One of my favorite events to work was the Victorian Tea, mostly because I got to see the whole community come together for a beloved Universe tradition. Since I’ve only worked for the Dickens Project for a small fraction of its long history, I wanted to know more about the early days of the Victorian Tea, so I talked to Barbara Keller and Beth Penney, who many of you know as two long-standing Universe participants and Friends of the Dickens Project board members who were instrumental in the conception and continuation of the afternoon tea tradition.

When I spoke with Barbara Keller at her home, I learned that her first Dickens Universe was in 1987. She had been teaching Dickens’s novels as a high school teacher for some time and consequently decided that it was time to get involved with the Universe.

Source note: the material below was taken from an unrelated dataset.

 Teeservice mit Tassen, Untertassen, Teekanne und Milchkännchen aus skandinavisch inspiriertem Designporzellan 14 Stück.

She called it an “intense experience,” one she quickly fell in love with, and described it as “...an instant group” full of “people who were so open and so exposed.” She also appreciated the Universe’s welcoming inclusion of high school teachers, an inclusion kept her coming back year after year.

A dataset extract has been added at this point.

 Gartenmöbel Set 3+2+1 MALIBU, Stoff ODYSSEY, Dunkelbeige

Victorian Tea initially began as an event Barbara planned with her high school students. The event was originally supposed to be a Christmas dinner. However, planning a dinner caused too many problems, so they instead planned a tea-time. Barbara then began to incorporate directions for holding a classroom tea time into the workshops she led at the Universe as a way to show how teachers could make learning Dickens an enjoyable experience for their students.

Over the years, Universe participants outside of Barbara’s workshops also wanted to get involved with the tea, so it began expanding. The first Victorian Tea that was open to all participants was, according to Barbara, around 1995. This expanded tea caused all sorts of problems for Barbara and the other volunteers, such as where to store supplies, how to get supplies up to campus, and how to serve iced tea punch to so many people. Barbara jokingly told me, “My house was a Dickens closet because of all the tea cups,” and attendant supplies which she had to store. Though I saw remnants of the storage problem when I visited Barbara,  over the years storage problems were worked out, and Victorian Tea became what we know it to be today.

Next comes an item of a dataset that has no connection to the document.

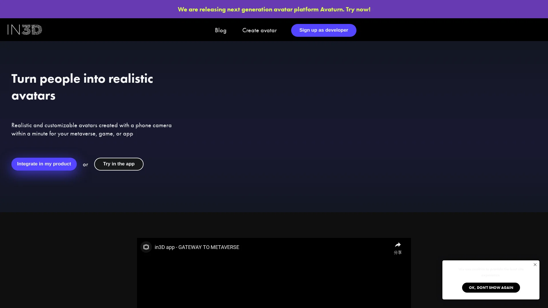 About In3D : in3D is a cutting-edge technology that transforms people into realistic full-body 3D avatars within a minute using just a phone camera. Our SDK enables seamless integration of in3D avatars into your product.

This past summer, Barbara took a step back from the Universe, so Beth Penney took over leadership of the teas in her place. Beth’s first Dickens Universe was around 1984, so she had been attending the Universe for a few years before Barbara began Victorian Tea. Once the teas began, however, Beth knew it was something she wanted to be involved with as she is an avid collector of china, so she volunteered to help.

I asked Beth what she thinks makes the Victorian Tea special and important and why it’s continued to be so popular over the years. She responded, “I think it's important as a tradition, and traditions are important to me. While the Universe affords many opportunities for people to get together over drinks, food, or both, and chat, the teas offer something besides institutional coffee service and food, and people appreciate that.” She hopes that as in-person attendance at the Universe begins to increase again, attendance at the teas will increase as well so that this important tradition can continue to expand and grow.

One of the most special things about the Victorian Tea’s continuation throughout the decades is, in Beth’s opinion, the way it has stayed relatively consistent in what it offers. She told me, “We've always prided ourselves on having home-made cookies, a silver service, china cups and saucers, pottery teapots for the brewing, and glass punch cups. That's what makes it a ‘Victorian Tea,’ rather than just tea as opposed to coffee in the afternoon.” This gets at the heart of what makes the teas so important: it’s not only a chance for community and a continuation of tradition, but it’s also an experience and a pleasant break from all the rewarding, yet challenging intellectual demands that the Universe asks of its participants.

Beth is happy to carry on with the tradition, saying, “It's a labor of love, and as long as we receive the positive response from the attendees and the University that we do, I think it's important to continue with tradition.”